### [Stored data]
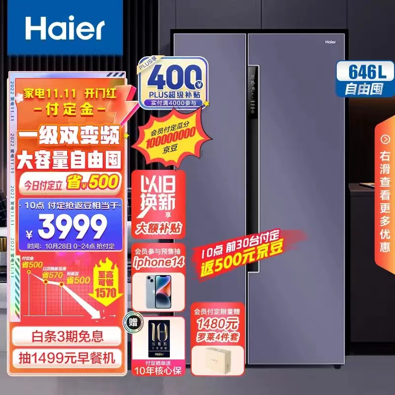 一级能效双开门电冰箱,付定享不高于4499元,20点起前50台付定返500元京豆。付尾款+晒单再送10年压机延保。
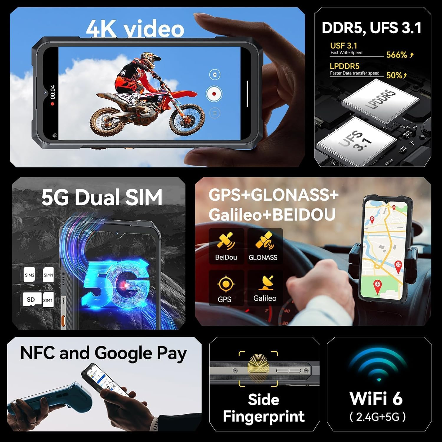 5G Dual SIM Cell Phone(Note: Not support At&t, Metro,Cricket and Verizon, Please confirm the carrier before purchasing ! ) : Welcome to a new era, CUBOT has prepared the latest 5G technology for Kingkong X, with network speeds equivalent to 700% faster than 4G. CUBOT King Kong X Phone with MTK7050 5G processor, crafted on a cutting-edge 6nm architecture and running at 2.6GHz. Enjoy ultra-fast data access and app loading times with DDR5 RAM and UFS 3.1 storage. Say goodbye to lag and hello to seamless performance. Stay connected wherever you are with dual 5G SIM slots. Enjoy the fastest internet speeds with WiFi 6 and seamless transactions with NFC.
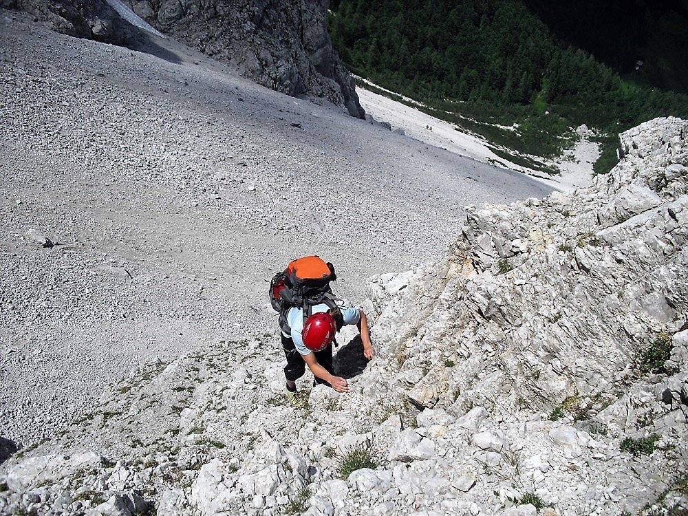 Die Tour ist eher brüchig und auf keinen Fall die erste Wahl, wenn es um das Klettern in den Karawanken geht. Wer auf der Suche nach einer abenteuerlichen, anspruchsvollen Bergtour ist könnte hier fündig werden. Auf jeden Fall sollte man weit über dem geforderten 4. Schwierigkeitsgrad stehen, um sich einen sicheren Weg durch das brüchige Gestein suchen zu können. In der Tour finden sich einige Bohr- und Normalhaken, die Stände sind gebohrt und zum Abseilen ausgestattet. Es handelt sich aber um keine Plaisirtour, die Bohrhaken sind auf Grund der Brüchigkeit oft wohl die einzige Sicherungsmöglichkeit. Mobile Sicherungsmittel sind in dem brüchigen Gestein sehr schwer unterzubringen.
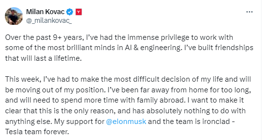 他写道:“我离家太久了,需要花更多的时间和国外的家人在一起。”科瓦奇声称,这是“唯一的原因,与其他任何事情都无关”,他对马斯克和特斯拉的支持是“坚不可摧的”。
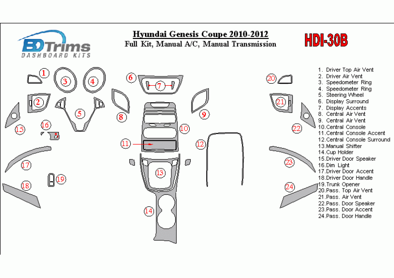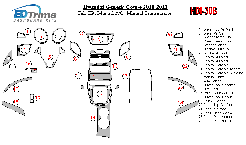 Hyundai Genesis Coupe 2010 - 2012 Dash Trim Kit
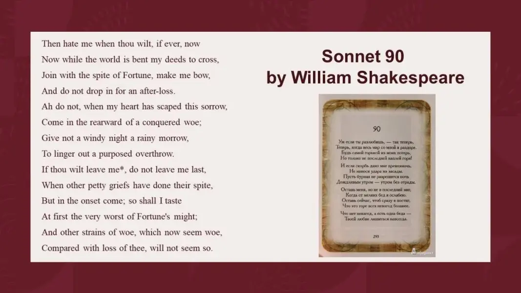 Сонеты Шекспира не просто переводили. Некоторые из них ложились на музыку. Так, слова одной из песен Аллы Пугачёвой «Уж если ты разлюбишь, так теперь…» являются переводом сонета 90.

### [Assignment]
The records above must be repeated in full and exactly, but without any of the pictures.

### [Solved exercise]
 一级能效双开门电冰箱,付定享不高于4499元,20点起前50台付定返500元京豆。付尾款+晒单再送10年压机延保。
 5G Dual SIM Cell Phone(Note: Not support At&t, Metro,Cricket and Verizon, Please confirm the carrier before purchasing ! ) : Welcome to a new era, CUBOT has prepared the latest 5G technology for Kingkong X, with network speeds equivalent to 700% faster than 4G. CUBOT King Kong X Phone with MTK7050 5G processor, crafted on a cutting-edge 6nm architecture and running at 2.6GHz. Enjoy ultra-fast data access and app loading times with DDR5 RAM and UFS 3.1 storage. Say goodbye to lag and hello to seamless performance. Stay connected wherever you are with dual 5G SIM slots. Enjoy the fastest internet speeds with WiFi 6 and seamless transactions with NFC.
 Die Tour ist eher brüchig und auf keinen Fall die erste Wahl, wenn es um das Klettern in den Karawanken geht. Wer auf der Suche nach einer abenteuerlichen, anspruchsvollen Bergtour ist könnte hier fündig werden. Auf jeden Fall sollte man weit über dem geforderten 4. Schwierigkeitsgrad stehen, um sich einen sicheren Weg durch das brüchige Gestein suchen zu können. In der Tour finden sich einige Bohr- und Normalhaken, die Stände sind gebohrt und zum Abseilen ausgestattet. Es handelt sich aber um keine Plaisirtour, die Bohrhaken sind auf Grund der Brüchigkeit oft wohl die einzige Sicherungsmöglichkeit. Mobile Sicherungsmittel sind in dem brüchigen Gestein sehr schwer unterzubringen.
 他写道:“我离家太久了,需要花更多的时间和国外的家人在一起。”科瓦奇声称,这是“唯一的原因,与其他任何事情都无关”,他对马斯克和特斯拉的支持是“坚不可摧的”。
 Hyundai Genesis Coupe 2010 - 2012 Dash Trim Kit
 Сонеты Шекспира не просто переводили. Некоторые из них ложились на музыку. Так, слова одной из песен Аллы Пугачёвой «Уж если ты разлюбишь, так теперь…» являются переводом сонета 90.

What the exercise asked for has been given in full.